Saving Time and Money with Flywheel HPC Integration
By Nathaniel Kofalt
Flywheel, a comprehensive research data platform for medical imaging, machine learning, and clinical trials, supports computing on High Performance Computing (HPC) clusters, including Slurm and SGE, in addition to more traditional virtual machine (VM)-based deployments in the cloud or on-premises.
As capital investments (frequently in the millions of dollars), HPC systems constitute an enormous opportunity as a local, shared resource for an organization. At the same time, these systems are often difficult or confusing to use, due to their specialized nature and older technology base. Access is frequently restrictive, and the workflow for running software on an HPC cluster is significantly different from a traditional machine, due to the “drop off & pick up” nature of the interaction.
Furthermore, debugging tends to have an extremely long turnaround time, due to the system’s fluctuating and inscrutable job queue. This tends to result in idle cluster capacity. Flywheel can increase HPC utilization, by making the system more accessible to a large user community.
During beta testing alone, one Flywheel customer estimated savings in excess of $7,000 over a period of one month, by moving some of their compute-intensive workloads from cloud hosting to their university-sponsored HPC. In that time, over four months of single-machine, eight-core work transpired. Much of that capacity would otherwise have sat idle on their cluster.
With Flywheel, scientific algorithms run in OCI-compliant (Docker, etc.) containers, called Gears. When using Flywheel with the new HPC integration, customers work directly with us to whitelist specific Gears for this feature, but still access the same point-and-click experience available to all Gears. The Flywheel system translates the request into the system-specific format, submits the HPC job, using the Singularity container runtime, waits for the HPC queue to pick up the work, and marshals input and output data to and from the system.
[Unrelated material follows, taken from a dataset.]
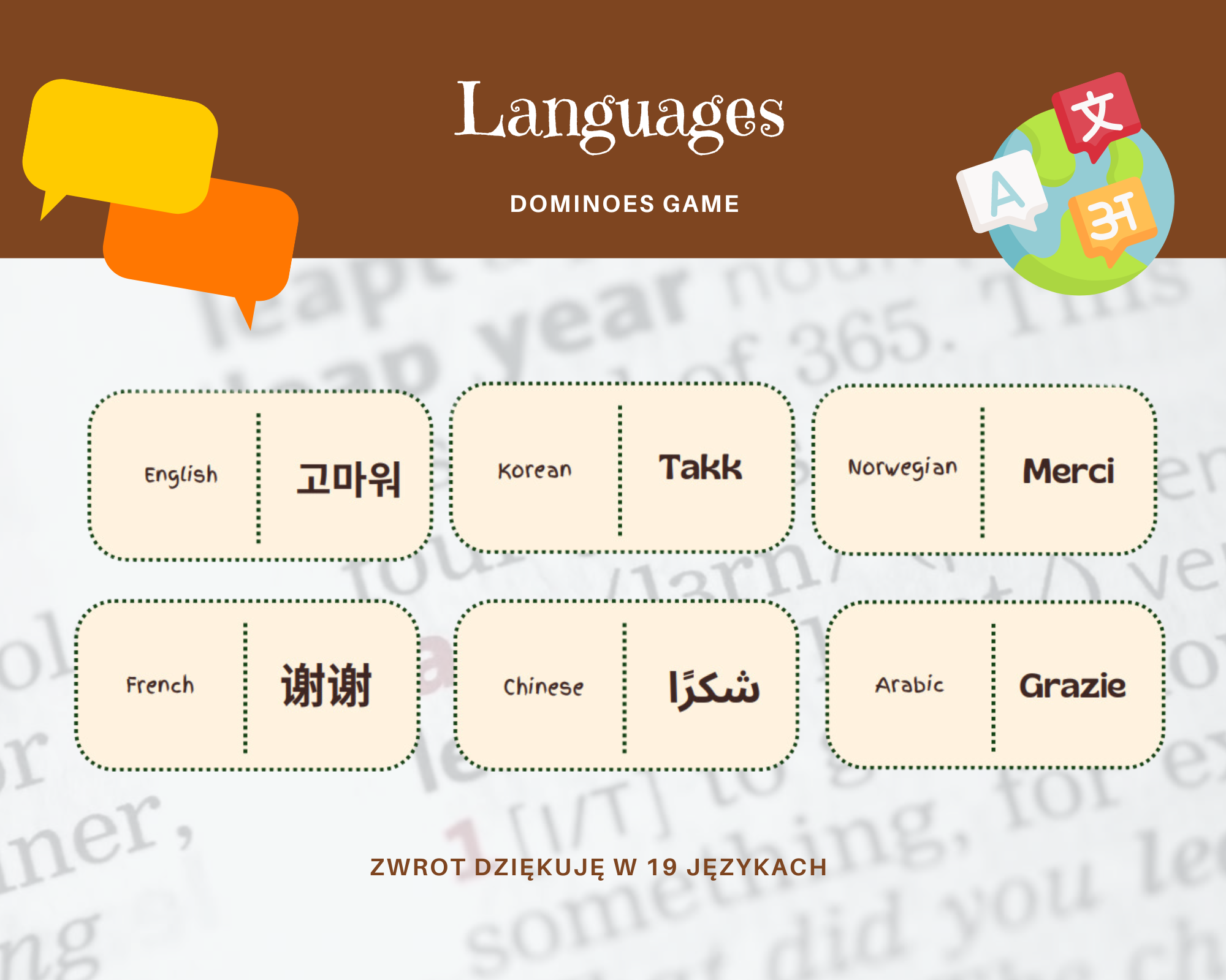 W zestawie znajdziesz karty domino z wyrazami „dziękuję” w 19 różnych językach, takich jak: angielski, koreański, norweski, francuski, chiński, arabski, włoski, turecki, hindi, swahili, hebrajski, esperanto, rosyjski, tajski, hiszpański, chorwacki, grecki, polski oraz hawajski.

The result is that all of Flywheel’s computation management features – such as batch jobs, SDK integration, and Gear Rules – work out of the box on HPC systems or local hardware, with great potential for improving productivity and reducing costs.
“The Flywheel integration with the HPC at Penn has been a total game-changer. It allows us to leverage the complementary advantages of two powerful systems. By launching compute jobs as containerized Gears through Flywheel, we can ensure total reproducibility. Furthermore, by integrating Flywheel with the massive computational resources provided by the Penn HPC, run by Christos Davatzikos, we can run computationally demanding jobs at scale across large samples without worrying about cloud compute charges. Throughout, the Flywheel engineering team was incredibly responsive; it was really a model for successful collaboration.”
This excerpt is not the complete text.